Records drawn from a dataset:

"""

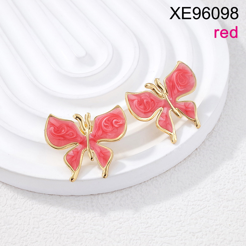 Level B Stainless Steel New Trendy Women Jewelry Drip Oil/Enamel Red Animal Butterfly Golden Earrings
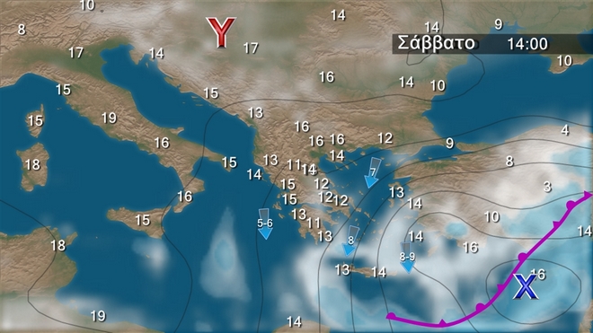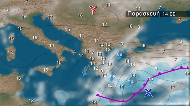 Την Παρασκευή και το Σάββατο στα δυτικά προβλέπονται λίγες νεφώσεις παροδικά αυξημένες. Στις υπόλοιπες περιοχές νεφώσεις παροδικά αυξημένες με τοπικές βροχές κυρίως στα νότια, ενώ σποραδικές καταιγίδες θα εκδηλωθούν στα Δωδεκάνησα την Παρασκευή μέχρι το μεσημέρι. Παροδικές χιονοπτώσεις θα σημειωθούν στα ορεινά της Κρήτης και πρόσκαιρα την Παρασκευή ασθενείς στα ηπειρωτικά ορεινά. Οι άνεμοι θα πνέουν από βόρειες διευθύνσεις, στα δυτικά 4 με 6 πρόσκαιρα τοπικά 7 μποφόρ και στα ανατολικά 6 με 8 και στο Αιγαίο τοπικά 9 μποφόρ. Η θερμοκρασία θα κυμανθεί σε χαμηλά για την εποχή επίπεδα, με μικρή άνοδο από την Κυριακή και μετά.
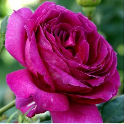 Колір яскраво-рожевий, майже фіолетовий. Квітки великі, махрові, класичної форми, в повному розпуск – вільної чашоподібної. Пелюстки оксамитові, хвилясті по краю. Цвітіння тривале, рясне. Аромат запашний, сильний, яскраво виражений. Кущ високий, компактний. Листя темно-зелені, щільні. Сорт стійкий до хвороб та морозів. Використовується для вирощування на клумбах, а також підходить для вирощування в кімнатних умовах.
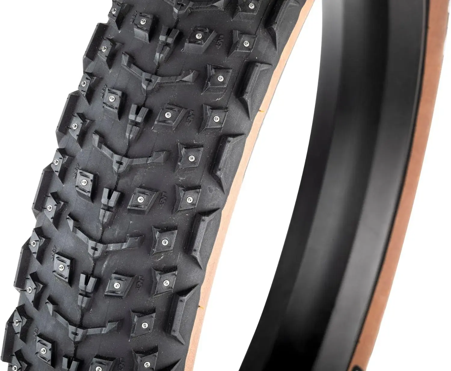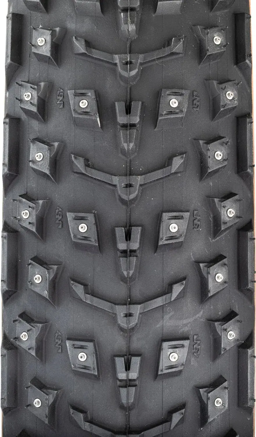 Разработанная для уверенной и контролируемой езды по обледенелым однопутным тропам, шина 45NRTH Dillinger 5 с шипами имеет плотно расположенный центральный протектор, высокие боковые выступы и 258 тщательно расположенных шипов.
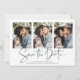 Modern manuscrit Enregistrer la date Carte photo multiple en vert émeraude et blanc dans une police qui est élégant et évoque une sensation manuscrite romantique. Conçu pour utiliser trois de vos photos préférées pour une personnalisation supplémentaire. Ajoutez facilement vos noms et dates pour un design vraiment personnalisé. Veuillez nous contacter à cedarandstring@gmail.com si vous avez besoin d'aide pour la conception ou les produits correspondants.
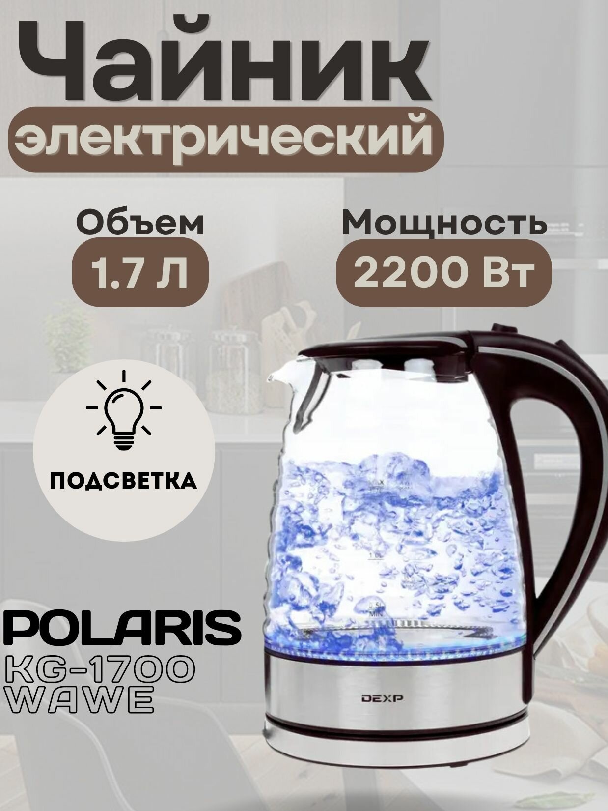 Чайник электрический Dexp KG-1700 Wave 1.7 л, 2200 Вт, коричневый интересное:
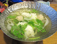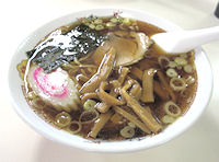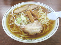 | と大盛りしかないので、間違うことはないようだ。当然のようにみんな相席だ。そして、ほどなくラーメンが運ばれてきた。色の薄い、透明スープに青竹で打った独特の手打ち麺。やはり、スープもそうだが、その土地によって麺は大きく違う。手打ちらしくやや平麺の高加水麺は個人的には好みと違うが、旅先の文化に触れているようで楽しい。透明あっさりのスープはとても美味しかった。後から調べてみると、ここはかなりの老舗のようで、人気店の一つだった。 |

"""

Only the lines from the one containing "Колір яскраво-рожевий, майже" through the last line of the data may appear in the answer, each given again exactly and with pictures left out.

→ Response to the exercise
 Колір яскраво-рожевий, майже фіолетовий. Квітки великі, махрові, класичної форми, в повному розпуск – вільної чашоподібної. Пелюстки оксамитові, хвилясті по краю. Цвітіння тривале, рясне. Аромат запашний, сильний, яскраво виражений. Кущ високий, компактний. Листя темно-зелені, щільні. Сорт стійкий до хвороб та морозів. Використовується для вирощування на клумбах, а також підходить для вирощування в кімнатних умовах.
 Разработанная для уверенной и контролируемой езды по обледенелым однопутным тропам, шина 45NRTH Dillinger 5 с шипами имеет плотно расположенный центральный протектор, высокие боковые выступы и 258 тщательно расположенных шипов.
 Modern manuscrit Enregistrer la date Carte photo multiple en vert émeraude et blanc dans une police qui est élégant et évoque une sensation manuscrite romantique. Conçu pour utiliser trois de vos photos préférées pour une personnalisation supplémentaire. Ajoutez facilement vos noms et dates pour un design vraiment personnalisé. Veuillez nous contacter à cedarandstring@gmail.com si vous avez besoin d'aide pour la conception ou les produits correspondants.
 Чайник электрический Dexp KG-1700 Wave 1.7 л, 2200 Вт, коричневый интересное:
 | と大盛りしかないので、間違うことはないようだ。当然のようにみんな相席だ。そして、ほどなくラーメンが運ばれてきた。色の薄い、透明スープに青竹で打った独特の手打ち麺。やはり、スープもそうだが、その土地によって麺は大きく違う。手打ちらしくやや平麺の高加水麺は個人的には好みと違うが、旅先の文化に触れているようで楽しい。透明あっさりのスープはとても美味しかった。後から調べてみると、ここはかなりの老舗のようで、人気店の一つだった。 |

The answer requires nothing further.